── SUPPLIED INFORMATION ──

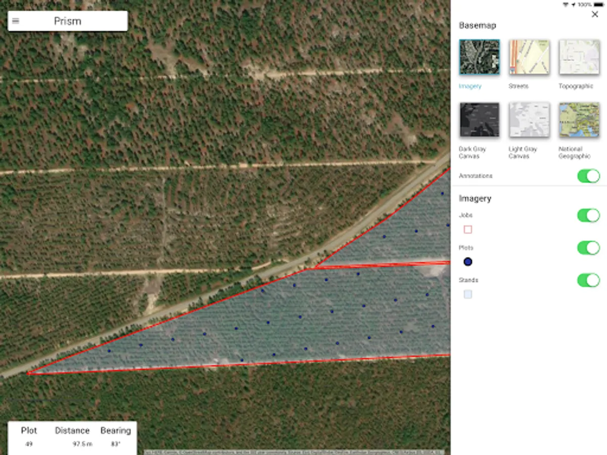 Another unique feature of Prism is built-in navigation, which harnesses the tablet's GPS system. Cruisers don't have to switch between applications or devices to know where they are in the forest and where they're going next. Basemaps can be downloaded to the mobile app for navigation at offline worksites.
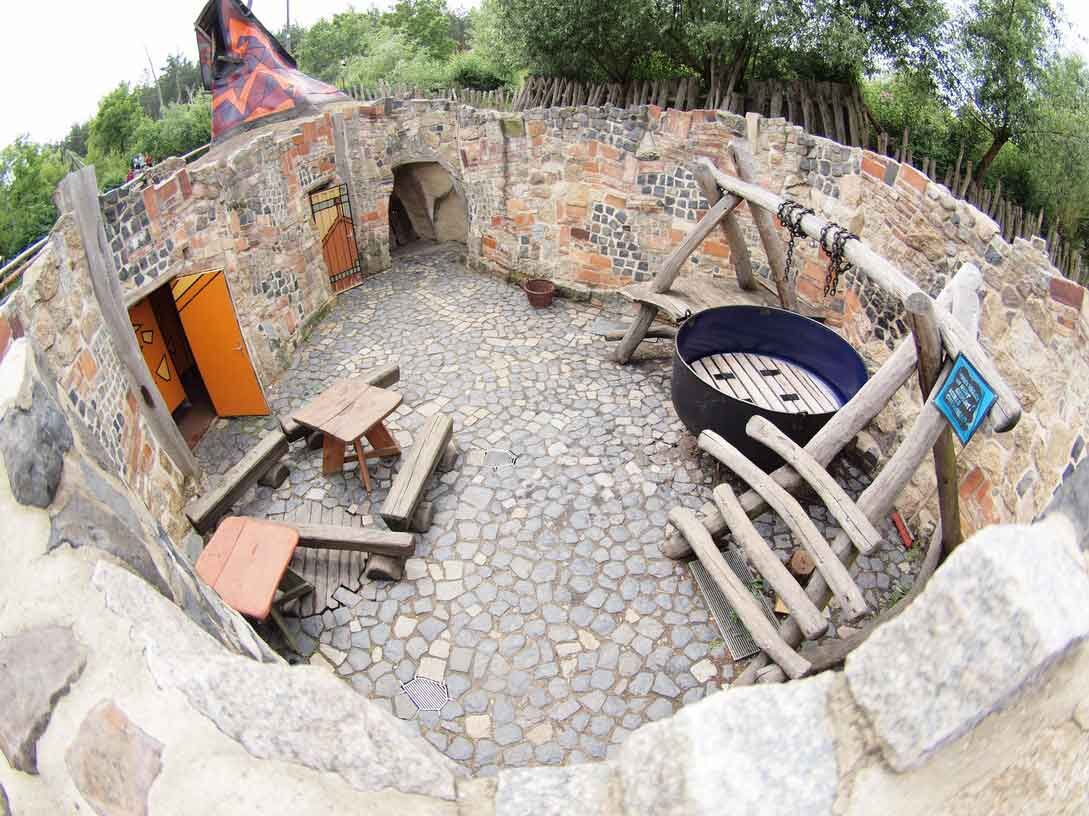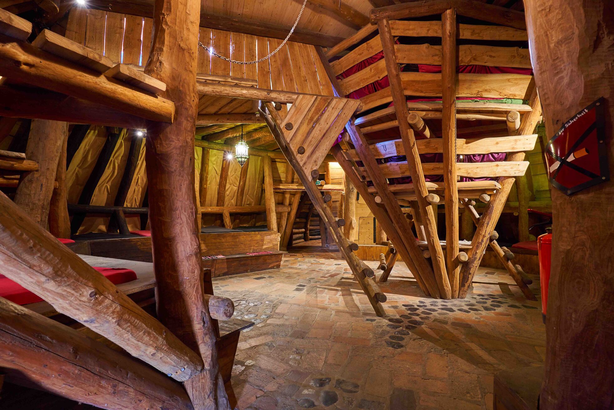 Auch unter der Erde der Kulturinsel kann man an der Matratze horchen. In unserer Schlafhöhle können bis zu 32 Personen Ruhe finden, begleitet vom Schnarcherchor der Haustiere aus aller Welt, welche in der umgebenden „Multikultikoppel“ wohnen. Auf einem Podest das um den ganzen Raum führt, laden Matratzen zum Abgrunzen ein, also denkt an einen Schlafsack für eine wohlige Nacht.Ein letztes Bad im Kannibalenkessel (dieses „einmalige“ Abenteuer ist extra buchbar) schafft ein uriges Ambiente. Vor allem für gestresste Bürohengste und Schreibtischmiezen ist das ruhige Erdhaus eine echte Erholung von Telefonflut und Email - Attacken.
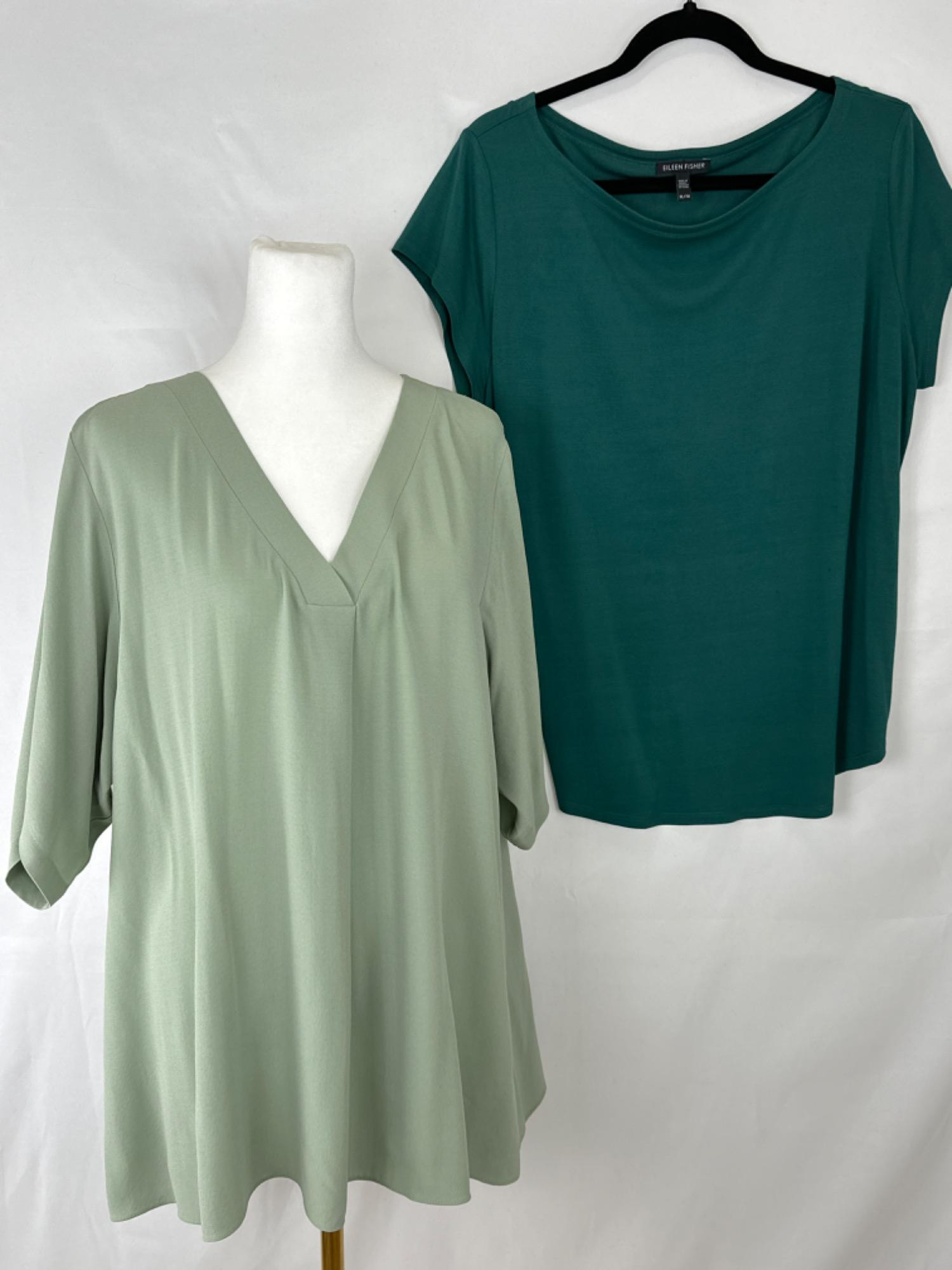 Lot # 182 - Eileen Fisher Green Blouse Duo - XL

───

-- WORK REQUEST --
Restate the lines above exactly, from the one bearing "Auch unter der" through the final line of the material, both included, omitting pictures.

-- EXERCISE RESULT --
 Auch unter der Erde der Kulturinsel kann man an der Matratze horchen. In unserer Schlafhöhle können bis zu 32 Personen Ruhe finden, begleitet vom Schnarcherchor der Haustiere aus aller Welt, welche in der umgebenden „Multikultikoppel“ wohnen. Auf einem Podest das um den ganzen Raum führt, laden Matratzen zum Abgrunzen ein, also denkt an einen Schlafsack für eine wohlige Nacht.Ein letztes Bad im Kannibalenkessel (dieses „einmalige“ Abenteuer ist extra buchbar) schafft ein uriges Ambiente. Vor allem für gestresste Bürohengste und Schreibtischmiezen ist das ruhige Erdhaus eine echte Erholung von Telefonflut und Email - Attacken.
 Lot # 182 - Eileen Fisher Green Blouse Duo - XL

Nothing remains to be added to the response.